Exception in thread "main" java.io.FileNotFoundException: C:\path\to\indices\meshtcrelaxed\postings (The system cannot find the path specified)
        at java.io.RandomAccessFile.open0(Native Method)
        at java.io.RandomAccessFile.open(RandomAccessFile.java:316)
        at java.io.RandomAccessFile.<init>(RandomAccessFile.java:243)
        at java.io.RandomAccessFile.<init>(RandomAccessFile.java:124)
        at irutils.MappedMultiKeyIndexDiskBasedGeneration.writeFinalIndex(MappedMultiKeyIndexDiskBasedGeneration.java:265)
        at gov.nih.nlm.nls.metamap.dfbuilder.BuildIndex.createIndex(BuildIndex.java:120)
        at gov.nih.nlm.nls.metamap.dfbuilder.BuildIndex.main(BuildIndex.java:155)

This seems to be caused by the containing directory (in my case, 'meshtcrelaxed') not existing when instantiating a new RandomAccessFile class here: https://github.com/lhncbc/metamaplite/blob/8aae39319a4a4b40a013180bf6cde09b172c78a8/src/main/java/irutils/MappedMultiKeyIndexDiskBasedGeneration.java#L265

If I manually create the containing directory C:\path\to\indices\meshtcrelaxed and then re-run, I don't encounter this error.

--chemdnersldi option not available

./metamaplite.sh --chemdnersldi input_file.txt

This returns

unknown option: --chemdnersldi

Content of input_file.txt

1|'Heart Attack'
2|'John had a huge heart attack'

Update:
After going through the source code: https://github.com/lhncbc/metamaplite/blob/master/src/main/java/gov/nih/nlm/nls/ner/MetaMapLite.java

found that I should be using the command:
./metamaplite.sh --inputformat=sldiwi input_file.txt

I was wrong in assuming that I should be using chemdnersldi.
SingleLineDelimitedInputWithID should be the document input format.

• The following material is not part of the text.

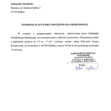 Starzawa Rybna , 26.08.2020 Tlenomierze wodne o głębokości pomiaru do 3-5 m – 2 szt.
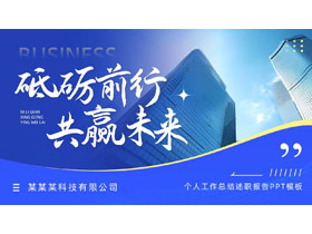 蓝色高大写字楼背景的“砥砺前行共赢未来”个人工作总结述职报告PPT模板

EntityLookup4 not checking for phrase type as well as PoS

While investigating a difference in the behavior of EntityLookup4 vs EntityLookup5, I ultimately traced it back to the part of findLongestMatch() that checks to see whether the part of speech of the first token of tokenSubList is in allowedPartOfSpeechSet: https://github.com/lhncbc/metamaplite/blob/d3171e5d1deb2ceeeeeca9b757a85b8617e5c01b/src/main/java/gov/nih/nlm/nls/metamap/lite/EntityLookup5.java#LL393C12-L393C12

In EntityLookup5, the check will allow tokens that are not of an allowed PoS if the phrase under consideration is of a type listed in allowedPhraseTypeSet. The corresponding place in EntityLookup4 doesn't do this check, so certain things are getting bounced out from EntityLookup4 that EntityLookup5 allows: https://github.com/lhncbc/metamaplite/blob/d3171e5d1deb2ceeeeeca9b757a85b8617e5c01b/src/main/java/gov/nih/nlm/nls/metamap/lite/EntityLookup4.java#L352

Is there a reason for this? If not, I will add in the corresponding check to EntityLookup4 and do a PR.

Class Mrconso missing from package dfbuilder

Class Mrconso is missing from package gov.nih.nlm.nls.metamap.dfbuilder, and so the class ExtractTreecodes does not compile. I had to remove the class so I could use the latest version of the code.

FileNotFoundException when opening default gv.words.temp.filename on Windows

The default bin/create_indexes.bat runs into a FileNotFoundException when running GenerateVariants (see https://github.com/lhncbc/metamaplite/blob/827a5c1f7a0174247ea499117d82745af827c628/bin/create_indexes.bat#L58-L60) as the default value for wordsFilename is /tmp/words.txt.tmp:
https://github.com/lhncbc/metamaplite/blob/8aae39319a4a4b40a013180bf6cde09b172c78a8/src/main/java/gov/nih/nlm/nls/metamap/dfbuilder/GenerateVariants.java#L226-L227. It appears Java on Windows is unable to resolve the /tmp directory.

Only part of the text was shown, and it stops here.